The Securities and Exchange Commission (SEC) is answering to denying a whistleblower award in a new court session.
An appeals court upheld the U.S. Securities and Exchange Commission’s decision to deny a whistleblower award in a case involving short seller Carson Block, while at the same time broadly questioning how the agency decides who receives awards from its cash-for-tips program.
Last year, the Justice Department targeted Muddy Waters for flooding the market with fake orders, also known as ‘spoofing’.
Founder of Muddy Waters, Carson Block was served with a search warrant by an FBI agent.
The ongoing investigation was one of the many probes targeting hedge funds for illegal short selling strategies at the time.
Claimant Jamie Doe filed a whistleblower award application with the SEC, claiming to be a principal author of a 2011 report published by equity research firm Muddy Waters that contained information of the alleged misconduct.
His application was denied by the agency even though the SEC order cited the report in its investigation and settlement and credited Doe as an author of the report.
The SEC said Doe failed to provide the information directly to the SEC as the staff found the public report themselves, disqualifying Doe as a whistleblower.
The Third Circuit decision on Friday agreed with the SEC’s decision, saying the appellant failed to demonstrate the SEC acted arbitrarily in concluding his application failed to meet the whistleblower requirements.
The award was instead given to Kevin Barnes, the direct informant in the case.
Hedge Fund Planned Whistleblower Scheme
To complicate matters, Muddy Waters’ CEO planned this whistleblower event only to get sued by his accomplice in the end.
Kevin Barnes, a private investor, last year sued Carson Block in New York federal court, saying that the two men worked together in producing the research that ultimately led to the SEC award and that they agreed to share proceeds from legal or regulatory actions stemming from their research, The Wall Street Journal previously reported.
Barnes is seeking $7 million from Block.
Cason Block is suing Barnes for defamation claiming he has suffered damages of more than $75,000.
A magistrate judge in the Texas case suggested in March the case be dismissed, to which Block objected.
The New York case is pending.
“Mr. Barnes looks forward to continuing his meritorious claims against Mr. Block for breach of their partnership agreement in the ongoing Southern District of New York matter.
Mr. Barnes will not be dissuaded by spurious accusations in improper venues,” Evan Fried, an attorney at law firm Slarskey who is representing Barnes, said in an email.
Other SEC News Today
Bankers are urging the SEC to looking into manipulative trading, particularly into abusive short selling.
Earlier this month, Reuters reported that the White House had vowed to monitor the possibility of illegal short selling as shares in the banking sector plunged.
Now The American Bankers Association on is urging federal regulators to investigate significant short sales of publicly traded banking equities that it said were “disconnected from the underlying financial realities.”

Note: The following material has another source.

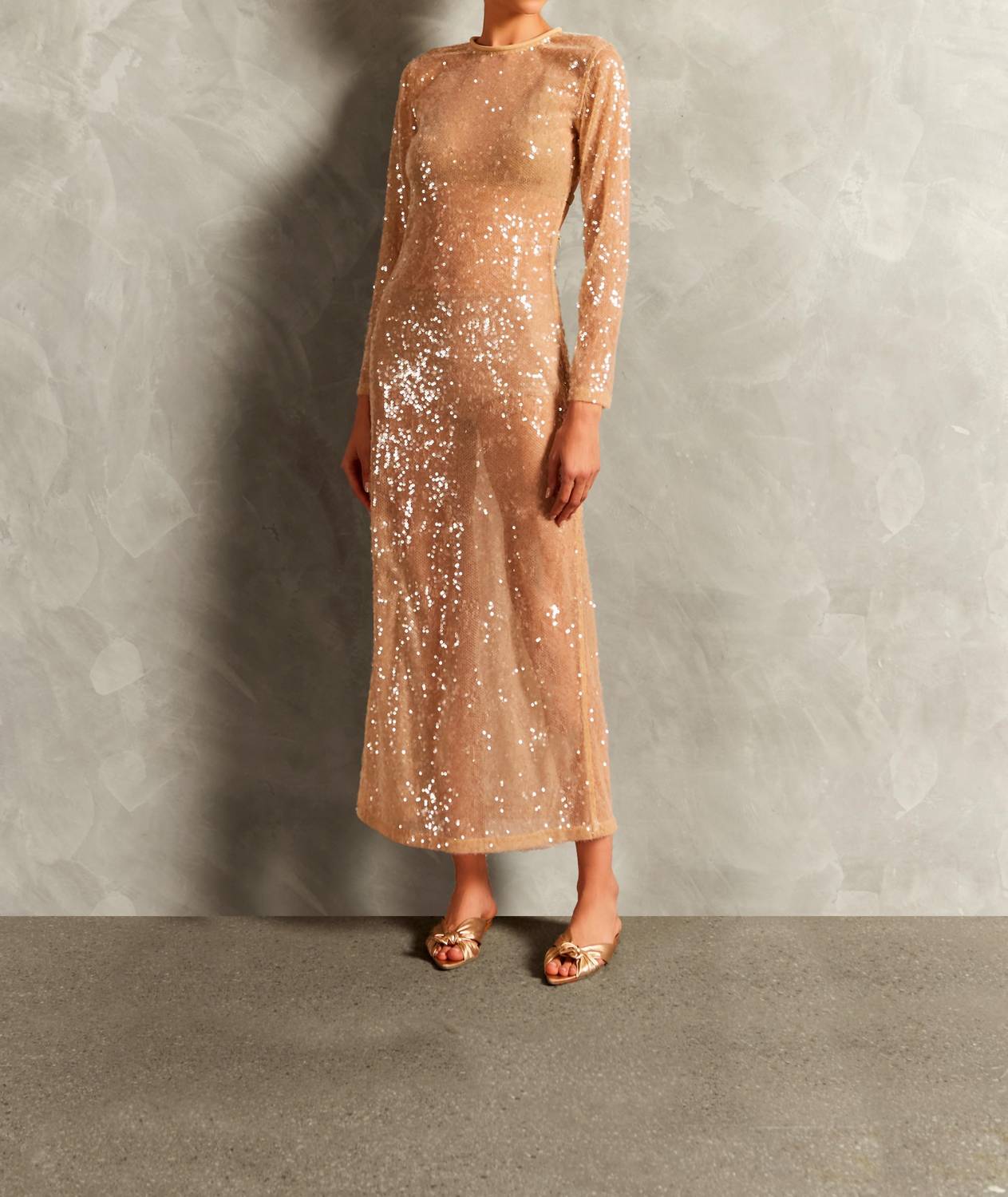 Style this maxi with your favorite statement necklace and sandals for the perfect look. Introducing the Sequins Open Back Maxi Dress by Adriana Degreas, a stunning beige piece designed for unmatched elegance at evening events. This sheath silhouette dress features long sleeves and a captivating open-back design with a crewneck neckline, blending minimalist trends with a touch of sensuality. Crafted from polyester, it incorporates a button closure for a secure fit. Perfect for spring gatherings, whether at a gallery opening or under swaying palms, this textured maxi dress is your go-to for a Thanksgiving holiday look.

Retail investors are raising concerns over the banking sector’s requests, stating that the SEC should address manipulative trading practices in individual company stocks too, not just within the banking sector.
“We urge the SEC to consider all its existing tools and to take measures to reduce the avenues for abusive trading practices and restore investor confidence,” the banking group said.
“These measures include, at a minimum, a clear message and appropriate enforcement actions against market manipulation and other abusive short selling practices.”
Days after White House press secretary Karine Jean-Pierre said President Biden’s administration was looking into short seller activity around bank shares in the United States, triggering predictions of a possible ban, JPMorgan CEO has expressed his view that short-selling of bank stocks should, indeed, be prohibited.
Specifically, Jamie Dimon believes that regulators “vigorously” go after unscrupulous short-sellers, or anyone doing anything wrong in terms of stock options, derivatives, and short-sales, as he told Bloomberg TV anchor Francine Lacqua in an interview published on May 11.